> **YOUR ASSIGNMENT**
Beneath this instruction is a block of data; output from it exactly the lines that run from the one containing "Габариты комода: ширина" through the one containing "В домике двуспальная", inclusive.

> **DATA TO EXAMINE**
▬▬▬

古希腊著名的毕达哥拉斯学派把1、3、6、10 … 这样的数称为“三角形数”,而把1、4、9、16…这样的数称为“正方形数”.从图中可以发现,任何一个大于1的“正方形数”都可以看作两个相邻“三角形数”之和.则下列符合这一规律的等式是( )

▬▬▬

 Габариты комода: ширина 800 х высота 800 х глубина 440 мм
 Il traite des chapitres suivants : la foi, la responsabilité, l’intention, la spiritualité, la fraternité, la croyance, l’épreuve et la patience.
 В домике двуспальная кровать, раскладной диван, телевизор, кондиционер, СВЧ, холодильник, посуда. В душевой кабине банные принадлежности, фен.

▬▬▬

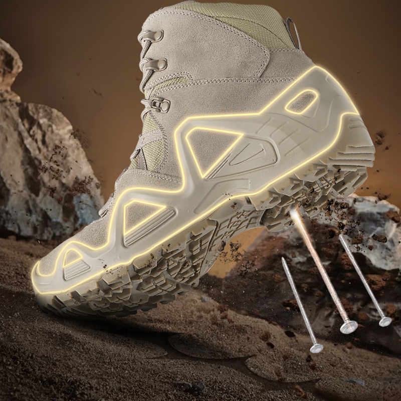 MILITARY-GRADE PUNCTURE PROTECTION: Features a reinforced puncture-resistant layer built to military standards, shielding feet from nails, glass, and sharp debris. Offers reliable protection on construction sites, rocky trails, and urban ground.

▬▬▬

> **ANSWER TO THIS TASK**
 Габариты комода: ширина 800 х высота 800 х глубина 440 мм
 Il traite des chapitres suivants : la foi, la responsabilité, l’intention, la spiritualité, la fraternité, la croyance, l’épreuve et la patience.
 В домике двуспальная кровать, раскладной диван, телевизор, кондиционер, СВЧ, холодильник, посуда. В душевой кабине банные принадлежности, фен.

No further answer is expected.